Carnegie energy faces rough seas






Darling of Australian wave energy companies, Carnegie Clean Energy (ASX: CCE), is fighting for its life after missing key corporate and contract deadlines.

The company, which is commercialising equipment to generate power from wave action as well as a solar/battery microgrid, remains suspended from the stock exchange after failing to lodge its half yearly accounts on time.

And yesterday the Western Australian government withdrew from a $16 million wave energy project at Albany in the state’s south, crystallising a $1.6 million loss to the taxpayer.

The company said in a statement it was disappointed with the government’s action, which followed it submitting a revised and extended timetable for completing the project.

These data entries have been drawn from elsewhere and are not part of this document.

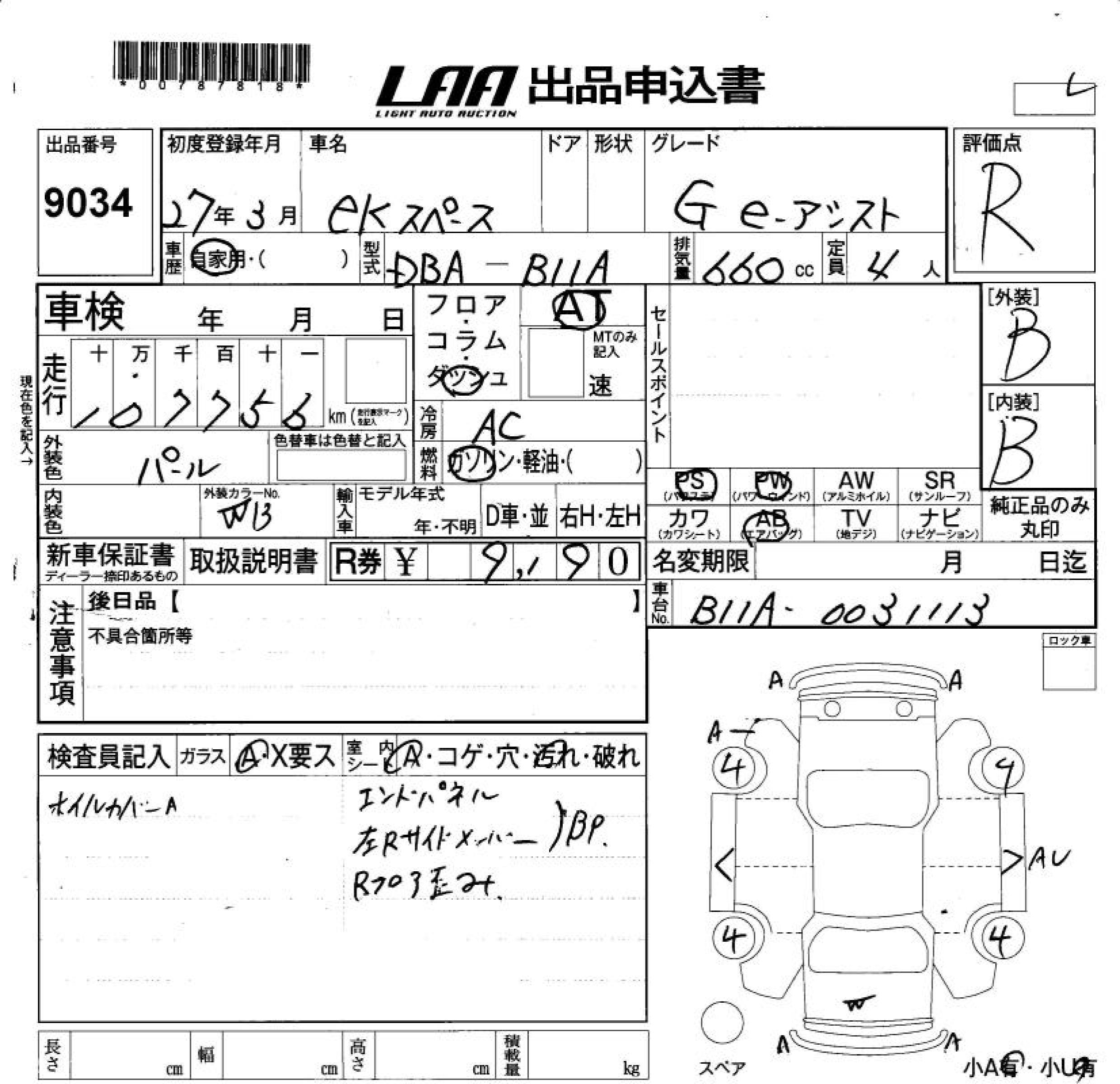 MITSUBISHI EK SPACE - лот 9034
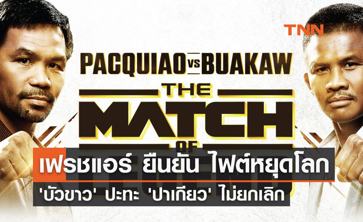 - เฟรชแอร์ ยืนยัน ไฟต์หยุดโลก 'บัวขาว' ปะทะ 'ปาเกียว' ไม่ยกเลิก
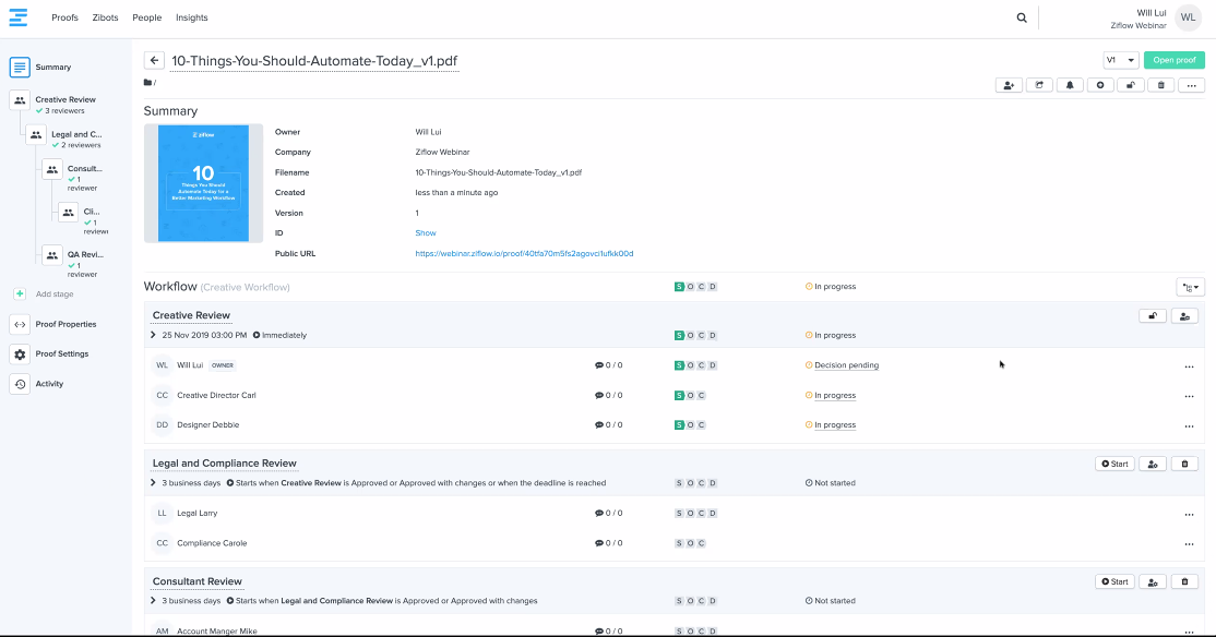 In many cases, creative assets first need to be reviewed internally before being shared with external team members or clients. As you can see above, Ziflow’s review workflows make it possible to easily control when clients receive content for review.

Continuing the project would have allowed the company to minimise the loss of R&D tax offsets associated with the project, and include design changes which would cut the project’s costs.

“This significant new development must now be incorporated into the strategic review currently underway and Carnegie will update the market in due course,” the statement said.

It its accounts for the first half of this financial year, submitted eight days late, the company revealed a $45 million loss due to write downs of its intellectual capital.

It also suffered a $6 million loss from its solar microgrid business, EMC.

Intangible assets were written down by $35 million to $15 million, to be ‘more in line with the market capitalisation of the company’.

The company has also laid off 30 staff and is pursuing a sale of the EMC business.

Carnegie’s shares were selling at a third of a cent each before its suspension.